Interest rates are lower than they’ve been in the past five years, he said, and rates are low on a broader, historical scale, too.
“Every rise in interest rates drives the housing market. Most people when they’re buying a house, they’re looking at housing affordability. (A low interest rate) enables purchases of much higher value houses,” he said.
Austin Castro, a realtor at Coldwell Banker, said he doesn’t see an end in sight to the way homes have been selling.
“There is so much demand that is pent up,” he said. “We have clients that have been looking for over a year. We don’t see this high demand environment changing for a while.”
Consumers are more educated than ever because they have tools at their fingertips like the internet, Castro said, so they steer clear of homes that are “grossly overpriced.”
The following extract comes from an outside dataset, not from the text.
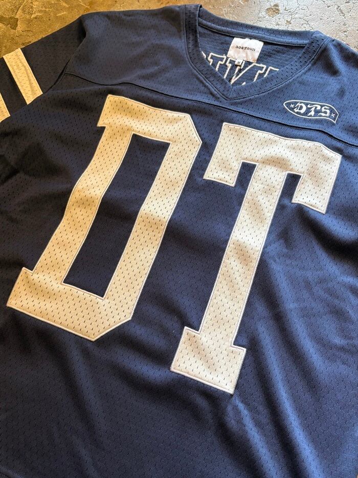 フロントには、DOG TOWNの " DT " の文字とオールドデッキデザインのDTSロゴを刺繍にて落とし込まれております。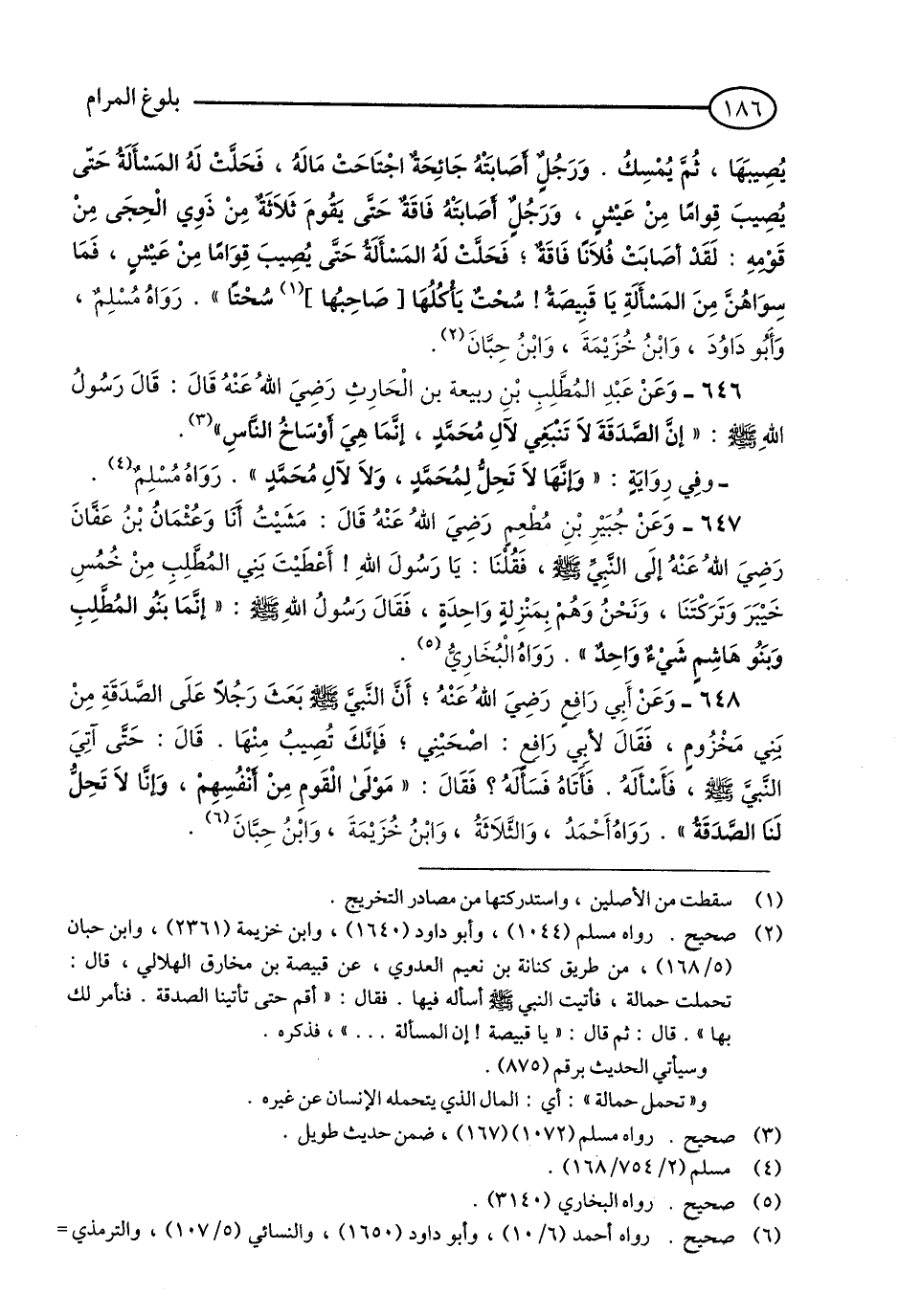 646 - وَعَنْ عَبْدِ الْمُطَّلِبِ بْنِ رَبِيعَةَ بْنِ الْحَارِثِ - رضي الله عنه - قَالَ: قَالَ رَسُولُ اللَّهِ - صلى الله عليه وسلم: «إِنَّ الصَّدَقَةَ لَا تَنْبَغِي لِآلِ مُحَمَّدٍ, إِنَّمَا هِيَ أَوْسَاخُ النَّاسِ». (1)

“The market is efficient,” Castro said. “While it is a ‘seller’s market,’ and properties are selling faster than ever, things are not totally out of balance. Buyers are able to make informed decisions. Prices are ticking up due to lack of supply, but the data buyers have keeps prices from going out of whack.”
More people are spending time at home, Geier said, so they remodel instead of selling their house. Some people might also be reluctant to sell right now, she said, because they don’t want to have strangers walk around and potentially bring the coronavirus into their home.
“It’s been kind of a perfect storm of things,” Geier said. “It is great for the sellers, but the buyers have had the challenges.”
The housing market in Montgomery County is, 'red hot" says real estate professionals.
Credit: JIM NOELKER
Credit: JIM NOELKER
Some people might also be hesitant to put their home up for sale because they don’t want to go through the hassle of quickly finding a home after theirs sells, Geier said.
“We still have not caught up in the aftermath of the financial crisis,” Haymond said. “When the housing bubble burst previously, housing construction went down fairly sharply. We produce in the subsequent years a lot less new housing stock than you should have had.”
Haymond said eventually, high prices will draw out more housing supply.
More millennials than ever are looking for homes right now. Geier said they’re looking for houses in all price ranges. In her personal business experience, Geier said she is also seeing less activity from baby boomers downsizing.
Most of the homes that are on the market right now are middle priced homes, Geier said. Homes are selling all over the Dayton-area, but Springboro and Centerville continue to be popular areas. Downtown Dayton has seen a “renaissance,” Castro said, and homes in the South Park and Oregon District area are also popular.
Geier advised those looking to buy a home to come in with a loan pre-approval.
“As a buyer, doing your homework is more important now than ever,” Castro said.